Search code examples
pythonpandasmergerowfillna

Fill in NA with other dataframe and then add the rows that are not in the first dataframe


I am currently working with python to merge two dataframes that look like below:

# Primary
df1 = [['A','2021-03','NA',9,'NA'], ['B','2021-09','NA','NA',27], ['C','2021-12','NA',12,28]]
df1_fin = pd.DataFrame(df1, columns=['ID','Date','Value_1','Value_2','Value_3'])

# Secondatry
df2 = [['A','2021-03',80,20,30], ['B','2021-09',90,'NA',20], ['B','2021-12','NA','NA',27], ['D','2020-06',4,12,28]]
df2_fin = pd.DataFrame(df2, columns=['ID','Date','Value_1','Value_2','Value_3'])

I want to perform outer join but keep the value of first dataframe if it already exist. The key columns will be ID and Date.

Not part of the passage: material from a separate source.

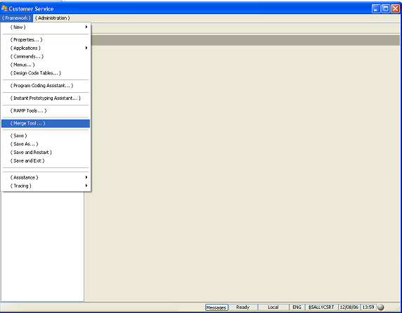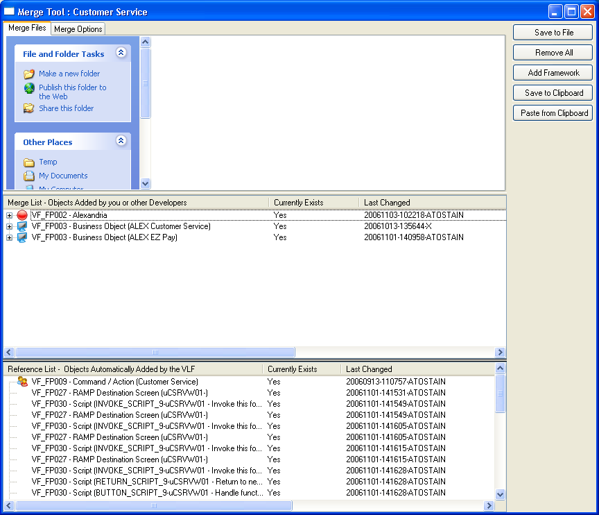マージしようとするビジネス・オブジェクトを、フレームワーク・ウィンドウから、中央パネルにあるマージ・リスト上にドラッグ移動してください。 この例ではAlexandriaを移動しています。

  1. If the ID and Date matches, the NA value will be replaced by second dataframe and existing values will not be replaced.
  2. If the ID and Date does not matches, new row will be created

The result dataframe will look like below:

ID Date Value_1 Value_2 Value_3
A 2021-03 80 9 30
B 2021-09 90 NA 27
B 2021-12 NA NA 27
C 2021-12 NA 12 28
D 2020-06 4 12 28

Should I fill in NA first and then combine the rest rows? or is there a function that I can define the parameters to perform both actions?


Solution

  • Yes, there's a function for it in pandas combine_first:

    Combine two DataFrame objects by filling null values in one DataFrame with non-null values from other DataFrame. The row and column indexes of the resulting DataFrame will be the union of the two.

    df1_fin.set_index(['ID', 'Date']).combine_first(df2_fin.set_index(['ID', 'Date'])).reset_index()
    

    (Please note that in your example, you provide two dataframes without any NaN values but with the string 'NaN' instead, which has no special meaning. Replace 'NaN' with None in the example to get the intended meaning.)